September 16, 2007|H. May Spitz | Special to The Times

Question: I live in an older building and my apartment doesn't have enough electrical outlets. Is the owner required to add more?

Answer: A property owner is required to keep a place "fit and habitable," which is defined by state law and sometimes honed by county, city, village or town ordinances as well. The declaration "habitable" means that the rental unit is "suitable to be lived in." Unfortunately, what's considered suitable for some apartment dwellers may not suit other folks at all.

In California, electrical requirements include "Electrical lighting, with wiring and electrical equipment that conformed with applicable law at the time of installation, maintained in good working order."

Of course, "applicable law at time of installation" doesn't help the modern renter who wants more up-to-date or increased electrical capacity for such things as computers and kitchen appliances.

Unfortunately, unless the wiring or the plugs are dangerous, the owner may not be required to update the system to meet your lifestyle.

For safety, the National Electrical Code is generally the model for state regulation that defines many electrical rules.

As for updating the electrical system, unless substantial renovation has been undertaken, most places are grandfathered in when it comes to current code regulations.

An exception may involve the installation of a ground fault circuit interrupter, a relatively inexpensive electrical device commonly used to replace a standard electrical outlet.

According to the Consumer Product Safety Commission, interrupters installed in household branch circuits could prevent more than two-thirds of the approximately 300 electrocutions still occurring each year in and around homes. Because an interrupter detects ground faults, it also can prevent some electrical fires and reduce the severity of others by interrupting the flow of electric current. Ideally, all outlets within a few feet of a water source should have outlets changed to this type.

Updating by adding extra outlets should be handled by a licensed electrician and is usually not expensive. You might offer to split the cost with your landlord. Be sure to get whatever understanding you come to in writing and specify who will do the work and the cost of the job before work is authorized.

A call for help on lack of phone jacks

Question: How many phone jacks should a landlord provide? There's only one in my kitchen, and it's really annoying.
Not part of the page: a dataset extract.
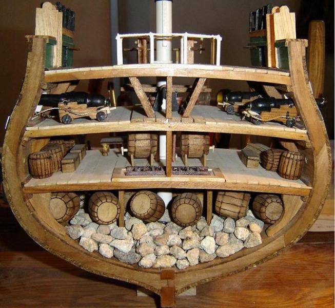 ... dziś montaż artylerii. Największym problemem było mocowanie do poszycia bo zero miejsca i pokładu też już nie zdemontuję. No ale jakoś się udało choć parę godzin mi to zajeło. mocowanie jest trochę nie pełne ale nic już nie mogłem tam upchnąć bo z tym był problem.
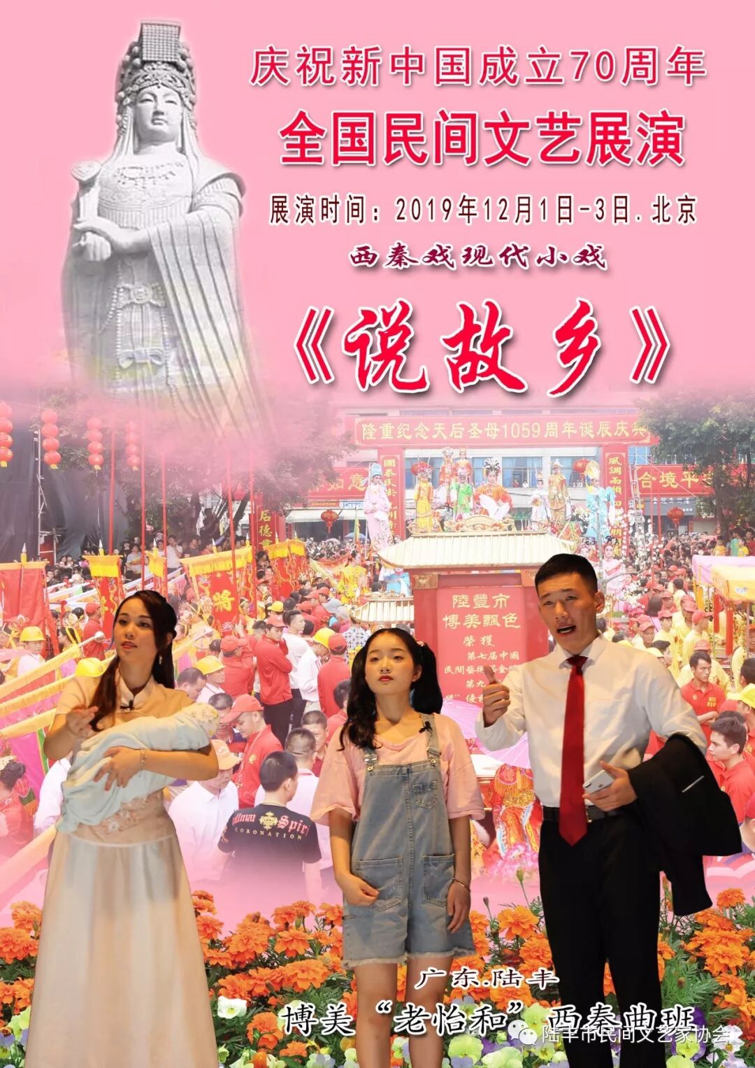 据悉,为了热烈庆祝新中国成立70周年,由中国民间文艺家协会主办,中国文联民间文艺艺术中心、中国民协民间戏曲艺术委员会承办的“全国民间文艺(说唱、小戏、小品、音舞)作品征集、展演”活动在北京举办。经组委会评选,由陆丰市委宣传部报送,广东省民协推荐的陆丰市博美西秦曲班作品西秦现代小戏《说故乡》入选。按文件通知要求,西秦现代小戏《说故乡》将于12月1日至3日在北京展演。

Answer: With the burgeoning need for multiple phone jacks, a consumer would hope there are sufficient choices of where to "plug in" at their home. Unfortunately most laws have not kept up with technology, some being silent on telephone access requirements, with others quite detailed.

In California, Civil Code 1941.4 gets the word across nicely by requiring the landlord to be responsible for "installing at least one usable telephone jack and for placing and maintaining the inside telephone wiring in good working order."

Also on the landlord's tab are repairs to "the portion of the telephone wire that connects the telephone equipment at the customer's premises to the telephone network at a demarcation point determined by the telephone corporation in accordance with orders of the Public Utilities Commission."

But technology has provided several solutions to your problem of only having one phone jack. Using a "sole jack" cordless system will enable you to plug several extensions into the line by using an electrical outlet with room for the charger base nearby. Check your local appliance store or online for choice of features and prices.

Other options include "piggybacking" the system with inexpensive telephone jack extensions and running wire to other areas. Whether you're planning to undertake any handiwork yourself or pay someone to alter the premises, be sure to get your landlord's permission first.